EXERCISE | Make a verbatim copy of the records; pictures stay out.

Saved data entries
------

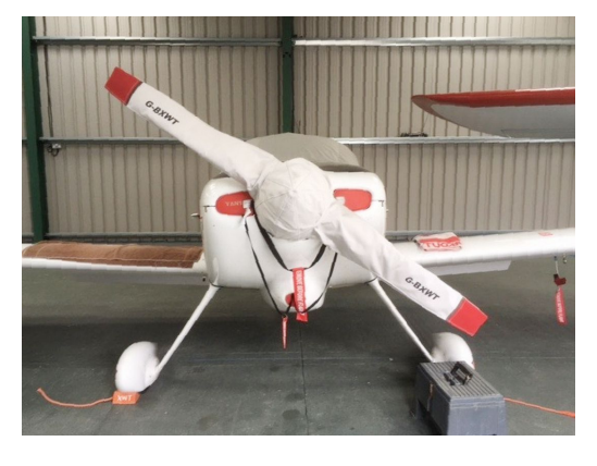
Van's RV-6 Prop/Spinner Cover

This cover type is made from Silver Acrylic Sunbrella canvas and is 100% lined with a soft and smooth microfiber. Bruce's Custom Covers developed this material combination especially for aircraft protection. The outer material is medium weight and treated for water resistance, UV resistance and anti-static buildup. The inner lining is a very soft and smooth microfiber to prevent scratching. The material is very reflective, and tests show that the cabin interior temperature can be reduced to near-ambient temperature on the hottest of days. It is water, ice and snow repellent, yet breathable to allow moisture to escape from between the cover and the aircraft surface.
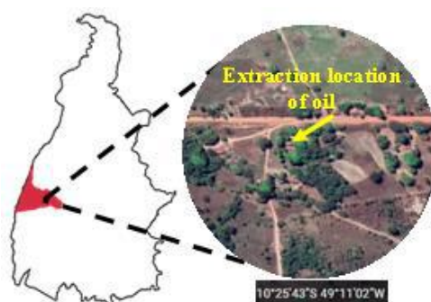
Figure 1. Location of fruit harvest and oil extraction.

The pequi fruits were harvested in the Piauzinho allotment in the municipality of Pium - TO (figure 1) in October 2021. After collection, 100 fruits without injuries were selected, presenting a certain sphericity. After selection, the fruits were transported in thermal boxes, with ice, for biometric analysis, 24 hours after selection, at the IFTO Fruit and Vegetable Processing Laboratory. The surplus of the selected fruits was transported in a trailer attached to motor vehicles to the Piauzinho allotment to extract the oil from the pulp of the fruits.
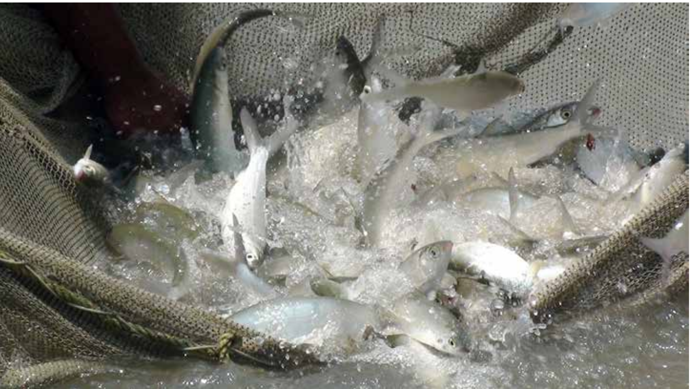
Stunted Milkfish juveniles in transition pond, KRC (West Bengal)

Abundant seasonal fry occurrence in nature or high juveniles produced in hatcheries can be reserved with stunting methods to stock later in grow-out ponds. Milkfish fry can be stunted from few months to a year in transition ponds for a year-round supply of fingerlings for stocking into rearing ponds. Stunted fry/fingerling shows similar growth pattern in culture pond compared to non-stunted fry/fingerling.
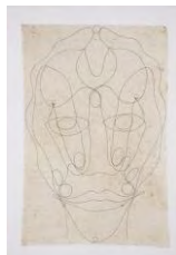
Untitled, 2013 Ink on Himalayan handmade paper 30 x 22 inches (76.2 x 55.88 cm)
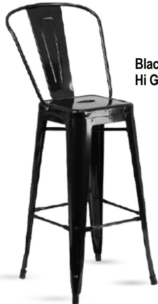
Black Hi Gloss

Made from high-quality sheet metal, our Steelix chairs are designed for all weather use. The original Tolix chair was designed by Xavier Pauchard in 1934 and today our Steelix chairs feature high-quality steel and are precision welded to guarantee the durability needed for the demands of the hospitality environment. Features a 6-step waterproofing process and fitted with rubber feet to protect flooring. Available in a rainbow of colors.

------

RESULT FOR THIS TASK |
Van's RV-6 Prop/Spinner Cover

This cover type is made from Silver Acrylic Sunbrella canvas and is 100% lined with a soft and smooth microfiber. Bruce's Custom Covers developed this material combination especially for aircraft protection. The outer material is medium weight and treated for water resistance, UV resistance and anti-static buildup. The inner lining is a very soft and smooth microfiber to prevent scratching. The material is very reflective, and tests show that the cabin interior temperature can be reduced to near-ambient temperature on the hottest of days. It is water, ice and snow repellent, yet breathable to allow moisture to escape from between the cover and the aircraft surface.
Figure 1. Location of fruit harvest and oil extraction.

The pequi fruits were harvested in the Piauzinho allotment in the municipality of Pium - TO (figure 1) in October 2021. After collection, 100 fruits without injuries were selected, presenting a certain sphericity. After selection, the fruits were transported in thermal boxes, with ice, for biometric analysis, 24 hours after selection, at the IFTO Fruit and Vegetable Processing Laboratory. The surplus of the selected fruits was transported in a trailer attached to motor vehicles to the Piauzinho allotment to extract the oil from the pulp of the fruits.
Stunted Milkfish juveniles in transition pond, KRC (West Bengal)

Abundant seasonal fry occurrence in nature or high juveniles produced in hatcheries can be reserved with stunting methods to stock later in grow-out ponds. Milkfish fry can be stunted from few months to a year in transition ponds for a year-round supply of fingerlings for stocking into rearing ponds. Stunted fry/fingerling shows similar growth pattern in culture pond compared to non-stunted fry/fingerling.
Untitled, 2013 Ink on Himalayan handmade paper 30 x 22 inches (76.2 x 55.88 cm)
Black Hi Gloss

Made from high-quality sheet metal, our Steelix chairs are designed for all weather use. The original Tolix chair was designed by Xavier Pauchard in 1934 and today our Steelix chairs feature high-quality steel and are precision welded to guarantee the durability needed for the demands of the hospitality environment. Features a 6-step waterproofing process and fitted with rubber feet to protect flooring. Available in a rainbow of colors.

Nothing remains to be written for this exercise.